» **Exercise aim**: What is wanted is every line below from the one with "35206/4572 PC-skap Skap" up to and including the one with "A primeira parede", retyped exactly, pictures excluded, nothing else.

» **Data to examine**:
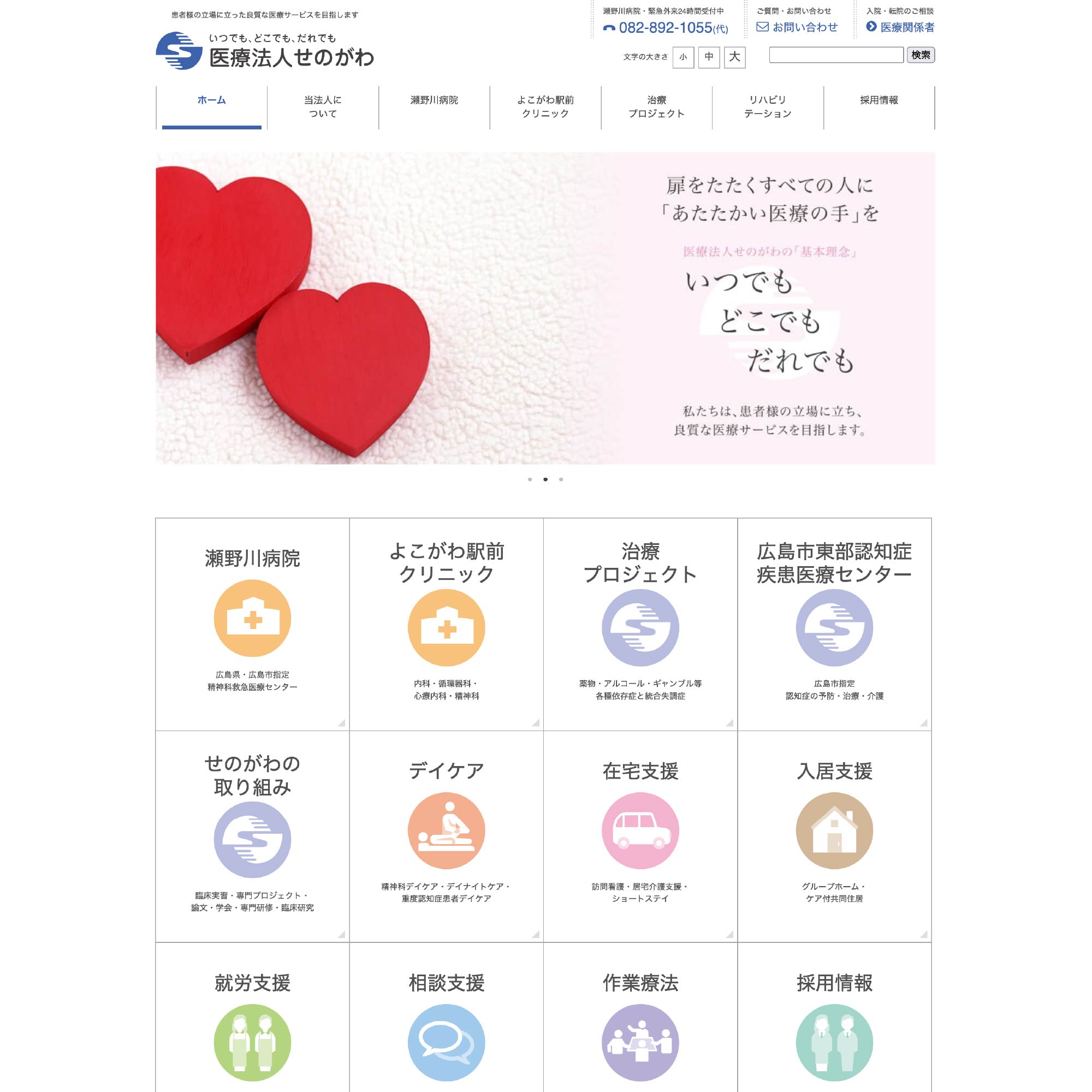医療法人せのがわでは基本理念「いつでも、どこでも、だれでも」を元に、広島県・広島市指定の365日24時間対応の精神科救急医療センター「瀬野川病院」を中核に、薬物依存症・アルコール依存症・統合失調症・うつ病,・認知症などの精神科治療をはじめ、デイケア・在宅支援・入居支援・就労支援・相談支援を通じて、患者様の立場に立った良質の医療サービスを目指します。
---
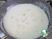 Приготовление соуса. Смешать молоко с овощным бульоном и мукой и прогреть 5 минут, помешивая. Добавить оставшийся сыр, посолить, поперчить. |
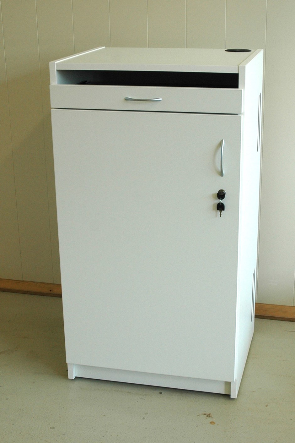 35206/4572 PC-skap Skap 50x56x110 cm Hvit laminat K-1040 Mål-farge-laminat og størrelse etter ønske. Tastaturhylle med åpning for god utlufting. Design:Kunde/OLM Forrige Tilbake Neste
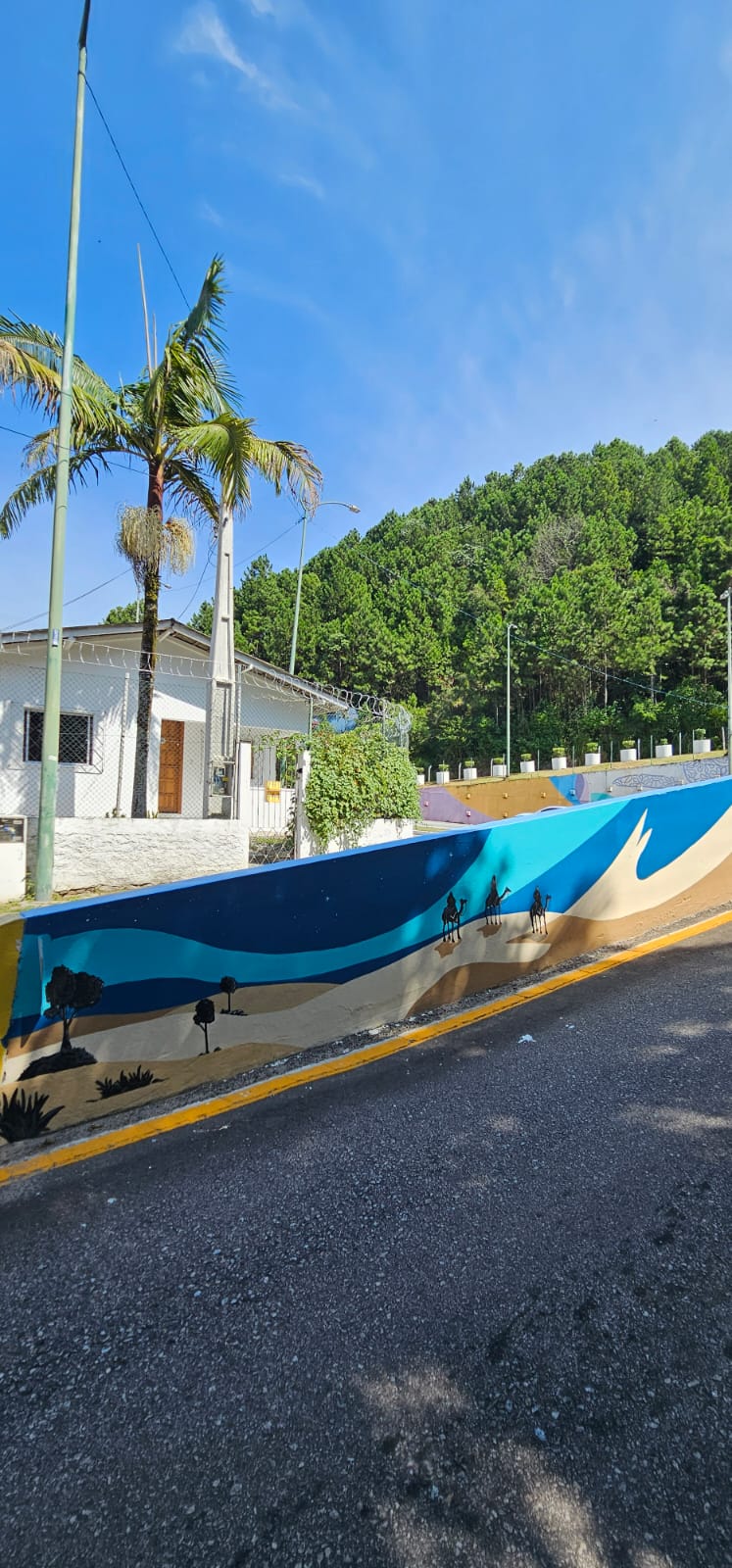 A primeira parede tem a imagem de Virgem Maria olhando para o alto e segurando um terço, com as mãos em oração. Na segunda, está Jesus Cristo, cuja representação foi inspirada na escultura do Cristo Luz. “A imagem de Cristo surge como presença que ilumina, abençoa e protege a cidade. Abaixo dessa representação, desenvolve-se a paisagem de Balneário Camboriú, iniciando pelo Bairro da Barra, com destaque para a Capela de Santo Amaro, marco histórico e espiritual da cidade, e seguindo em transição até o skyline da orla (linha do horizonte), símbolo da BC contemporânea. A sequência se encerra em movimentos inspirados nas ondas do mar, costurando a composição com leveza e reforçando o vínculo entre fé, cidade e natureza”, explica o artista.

» **Result below**:
 35206/4572 PC-skap Skap 50x56x110 cm Hvit laminat K-1040 Mål-farge-laminat og størrelse etter ønske. Tastaturhylle med åpning for god utlufting. Design:Kunde/OLM Forrige Tilbake Neste
 A primeira parede tem a imagem de Virgem Maria olhando para o alto e segurando um terço, com as mãos em oração. Na segunda, está Jesus Cristo, cuja representação foi inspirada na escultura do Cristo Luz. “A imagem de Cristo surge como presença que ilumina, abençoa e protege a cidade. Abaixo dessa representação, desenvolve-se a paisagem de Balneário Camboriú, iniciando pelo Bairro da Barra, com destaque para a Capela de Santo Amaro, marco histórico e espiritual da cidade, e seguindo em transição até o skyline da orla (linha do horizonte), símbolo da BC contemporânea. A sequência se encerra em movimentos inspirados nas ondas do mar, costurando a composição com leveza e reforçando o vínculo entre fé, cidade e natureza”, explica o artista.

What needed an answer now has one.